Unterschlagen wird in diesem Fragebogen, dass in Stationsbereichen das Tragen von Uhren zur Pulsmessung und Dokumentation zeitlicher Ereignisabfolgen zwingend, bzw. hygienische Bedenken beim Tragen von glatten (Ehe)Ringen aus Gold, Silber oder Kupfer ohne jeden Beleg sind. In einem finnischen Klinik-Neubau sind sogar die Türgriffe extra aus Kupfer gefertigt.

Ebenso ist das Tragen von Fingernagel-"extensions" und -lack in vielen Klinik-Bereichen unbedenklich.

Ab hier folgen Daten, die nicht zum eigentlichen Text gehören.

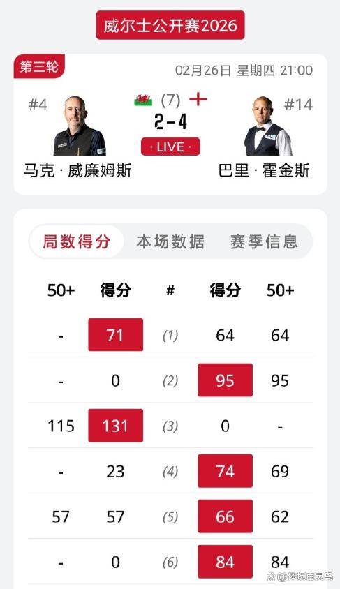 足球直播,世界杯直播,体育直播,足球比分,世界杯,足球赛事,足球,波胆,角球,串关,大小球北京时间2026年2月26日晚上9点,斯诺克威尔士公开赛的16强战在兰迪德诺的Venue Cymru正式打响。 这个夜晚注定要被写进斯诺克的历史,不是因为某位巨星的一杆华丽破百,而是因为冷门像多米诺骨牌一样接连倒下。 当最后一场比赛在次日凌晨结束,八强名单出炉时,人们发现世界排名第四的马克·威廉姆斯和世界排名第五、正处在一波11连胜巅峰的赵心童,竟然双双被挡在了八强门外。两位中国“00后”小将从资格赛杀出的黑马江俊和状态火热的吴宜泽,不仅携手晋级,更因为在同一半区,他们将在四分之一决赛直接对话。 这意味着,无论谁赢,中国斯诺克军团都已经提前锁定了一个四强席位。 一夜之间,冠军争夺的格局被彻底改写。

Bei Personal u n d Patienten müssen diese auch nicht gewaltsam entfernt werden.

Zu Frage 7-9 ist das Krankenhauspersonal grundsätzlich n i c h t verpflichtet, dem Patienten alle professionellen Verrichtungen, die medizinisch notwendig sind, auch noch in aller Öffentlichkeit zu zeigen. Dann wären ja Eingriffe am Rücken des Patienten (z. B. Lumbalpunktion, PDK) i m m e r problematisch. Oder müsste das Personal von kontrollwütigen Patienten etwa auch noch auf die Personaltoiletten begleitet und dort "gesehen" werden?

Ganz ernsthaft: Haben hier vielleicht alle an diesem Fragebogen Beteiligten den Verstand verloren? Denn die zahllosen infektiologisch kritischen Krankenhaus-Besucher wurden beispielsweise gar nicht berücksichtigt.